Experimental and ab initio study of a new D 1Deltag state of the C3 radical.

We report here the first observation of the D (1)Delta(g) state of the C(3) radical, which provides the first comprehensively analyzed example of the dynamic Renner-Teller splitting in Delta symmetry. Two color double resonance spectroscopy via the A (1)Pi(u) state was employed to experimentally probe an extensive range of vibronic levels in this D (1)Delta(g) state, covering all three modes of vibration of C(3). The analysis was supported by ab initio potential energy surface calculations on the C(3) radical to outline the lowest eight singlet electronic states. Two methods were used to analyze the Renner-Teller effect. The first method is an empirical Hamiltonian based on normal modes, using harmonic oscillator functions as a basis, with Renner-Teller and other terms added as required, which allows conventional vibrational parameters to be determined.
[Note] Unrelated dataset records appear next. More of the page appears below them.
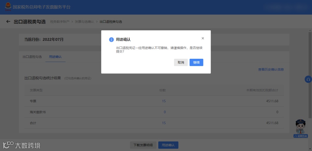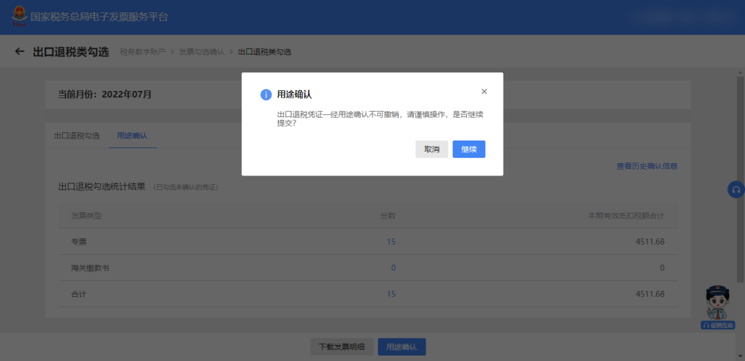 核对统计数据无误后,点击【用途确认】按钮,出现弹窗提示。
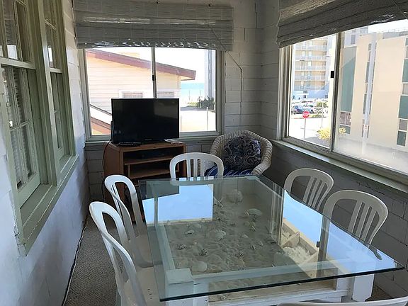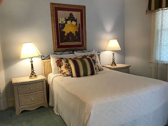 Located in the White House, the Charles Suite offers a comfortable winter stay with plenty of charm. This cottage apartment features two private bedrooms, each with a double bed, and a dining room with seating for four. The highlight of the suite is its spacious enclosed wraparound porch, complete with a sofa, television, table, and two daybeds perfect for relaxing with a view of the Virginia Beach boardwalk.
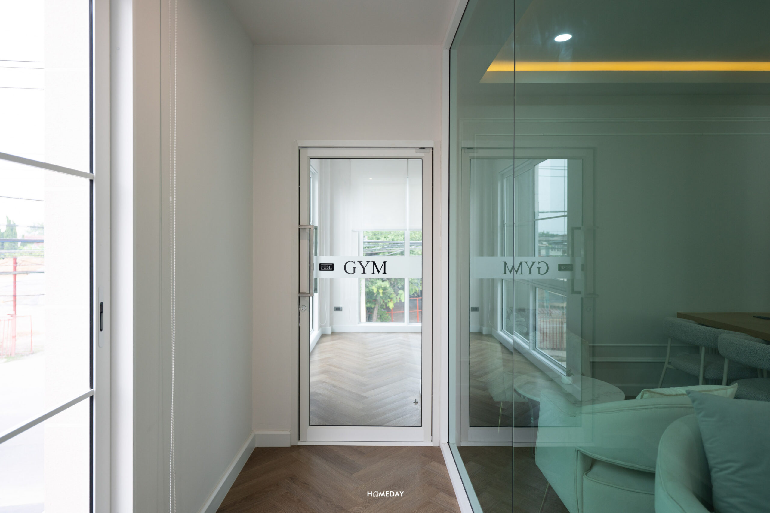 ชั้น 2 ของอาคารจะมีห้อง Juristic, ห้อง Co-living Space และ Gym Room โดย Gym Room ตัวห้องจะมีการออกแบบให้มีช่องแสงรับวิวสูงเกือบสุดเพดาน ให้ความรู้สึกโปร่ง โล่ง ไม่อึดอัด เครื่องออกกำลังกายก็มีมาให้ครบ ทั้ง Cardio และ Weight Training มีกระจกเงาแบบเต็มบานไว้ให้เช็กดูร่างกายตอนออกกำลังได้อย่างถูกต้อง
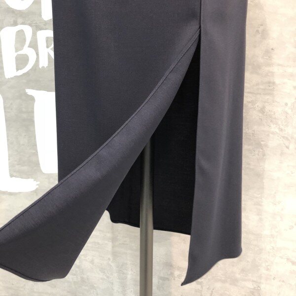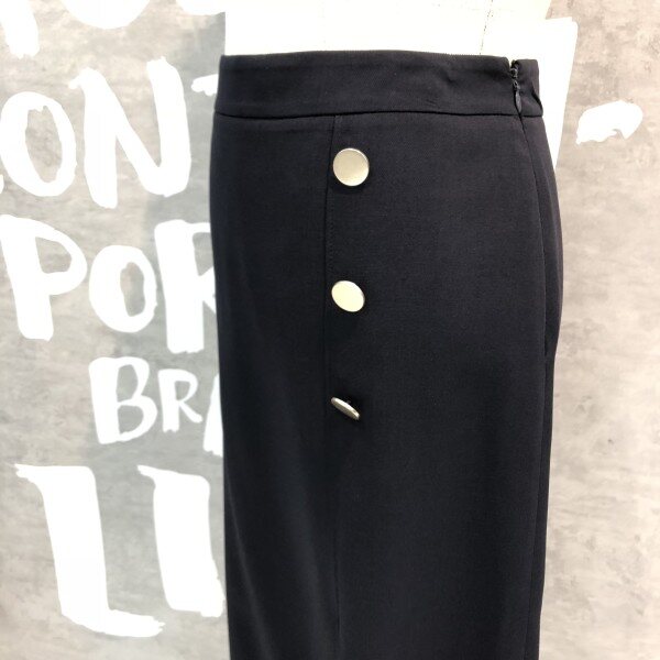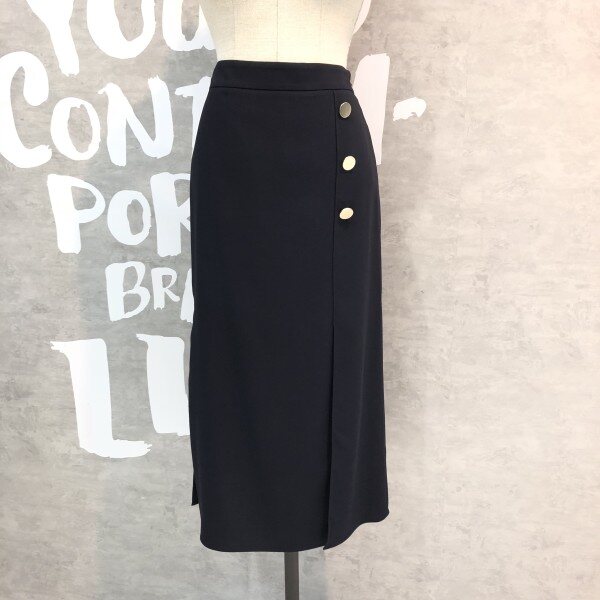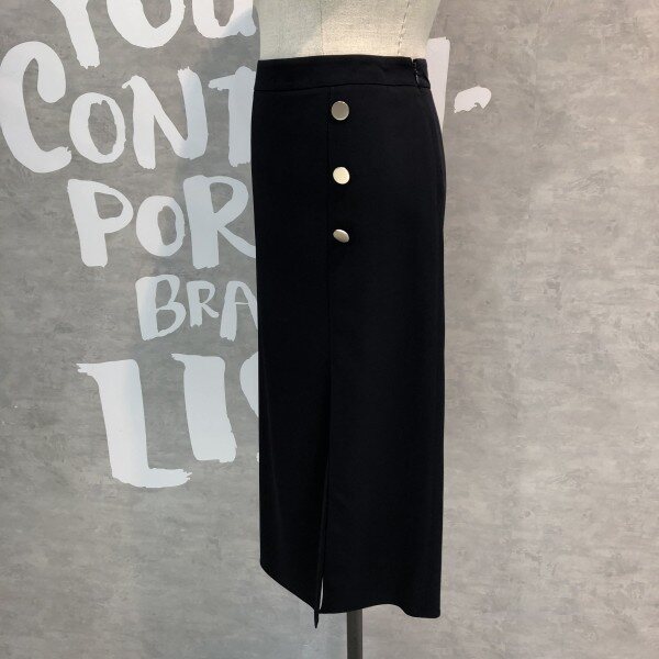 랩라이크 실루엣과 슬릿 디테일이 여성스러운 버튼 포인트 미디 스커트입니다
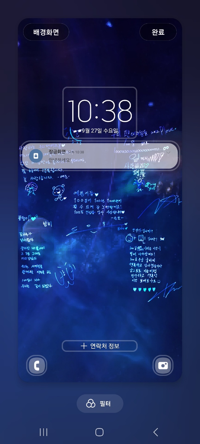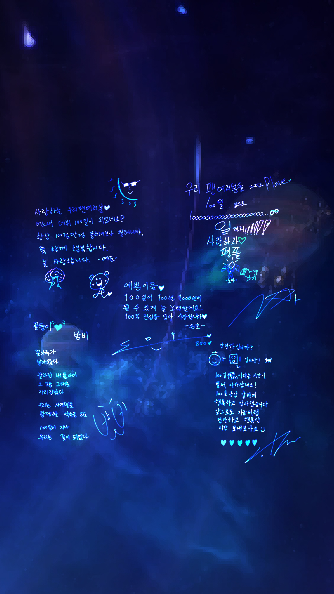 이건 멤버들이 100일 기념으로 작성해준 편지 내용이 귀여워서 넣어봤습니다(원본 글씨 색상을 반전시켜서 적용했는데 배경화면으로 사용하기에는 눈이 조금 아플 수 있습니다.)
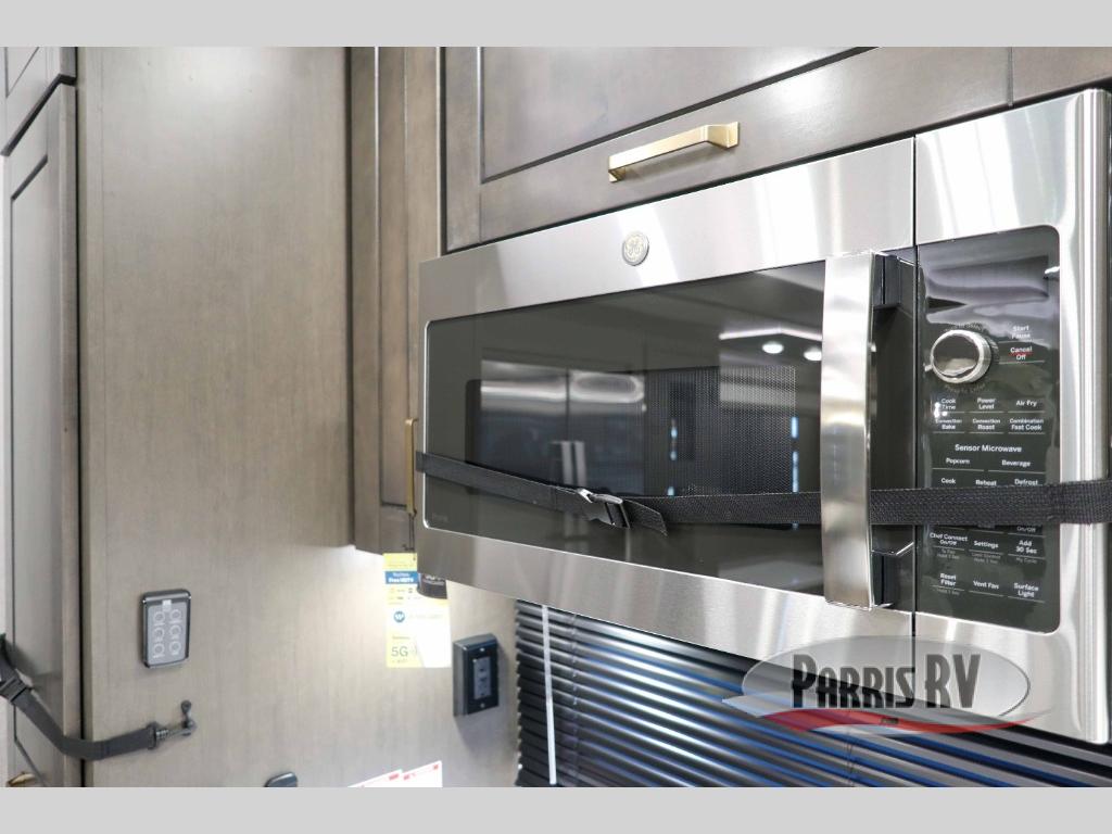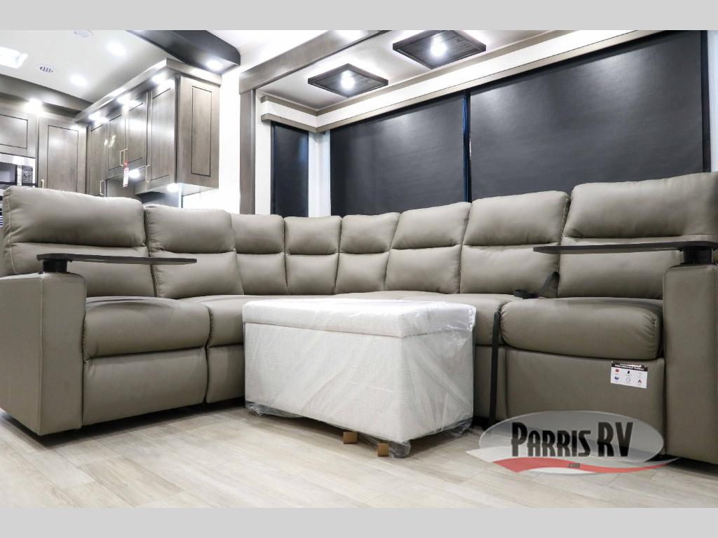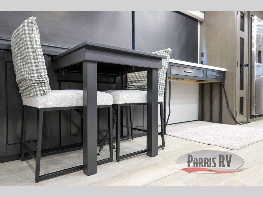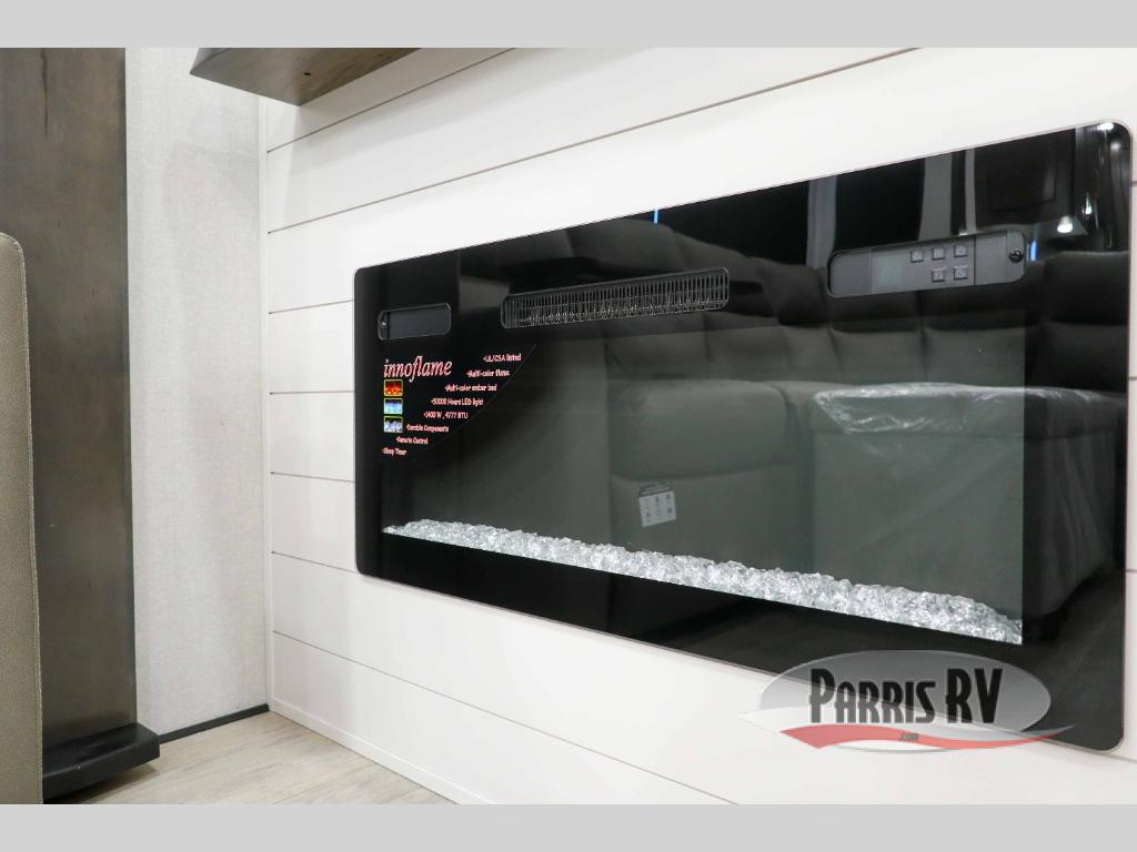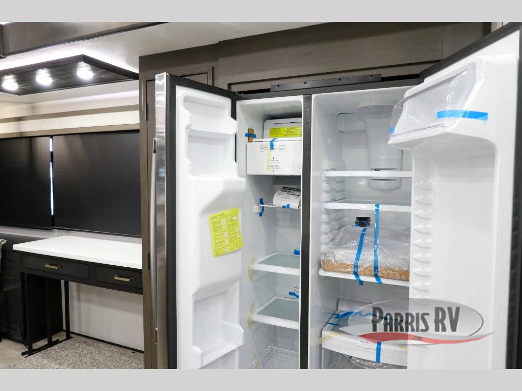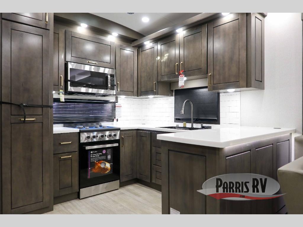 Starting from the back, this impressive 39RK features a rear kitchen designed in a convenient U-shape for easy accessibility and efficient meal prep. The kitchen is fully equipped with plenty of overhead cabinets, a convection microwave with an air fryer, a 24" range, and a pull-out pantry, perfect for the chef on the trip to cook in comfort. Across the kitchen, the large slide-out houses a 21-cu. ft. refrigerator and a second pantry with shelves, providing even more space to store groceries, snacks, and coffee essentials. The nearby desk/coffee bar and roll-out table create an inviting area to enjoy meals or unwind with a cup of coffee. The living area offers a spacious 100" L-shaped sofa and a theater seat facing the TV and fireplace, making it an ideal spot for relaxing or hosting movie nights. Moving forward, you’ll find a convenient half bathroom with linen shelves for added storage and accessibility. At the front, the private bedroom features a 72" x 80" king bed in a slide-out with a dresser across for ample storage. Finally, the full bathroom at the very front includes a 30" x 61" shower with a seat for comfort, a large sink, and a walk-in closet that provides generous space for all your clothing and gear.

The second is a much larger program that uses the exact kinetic energy operator for a triatomic molecule to calculate vibronic energy levels directly from the Renner-Teller pair of potential energy surfaces. Both methods give a good fit to the experimental results, with only a small adjustment to the ab initio surfaces required for the latter. One of the overall conclusions is that the Renner-Teller effect is rather smaller in the D (1)Delta(g) state than in the A (1)Pi(u) state.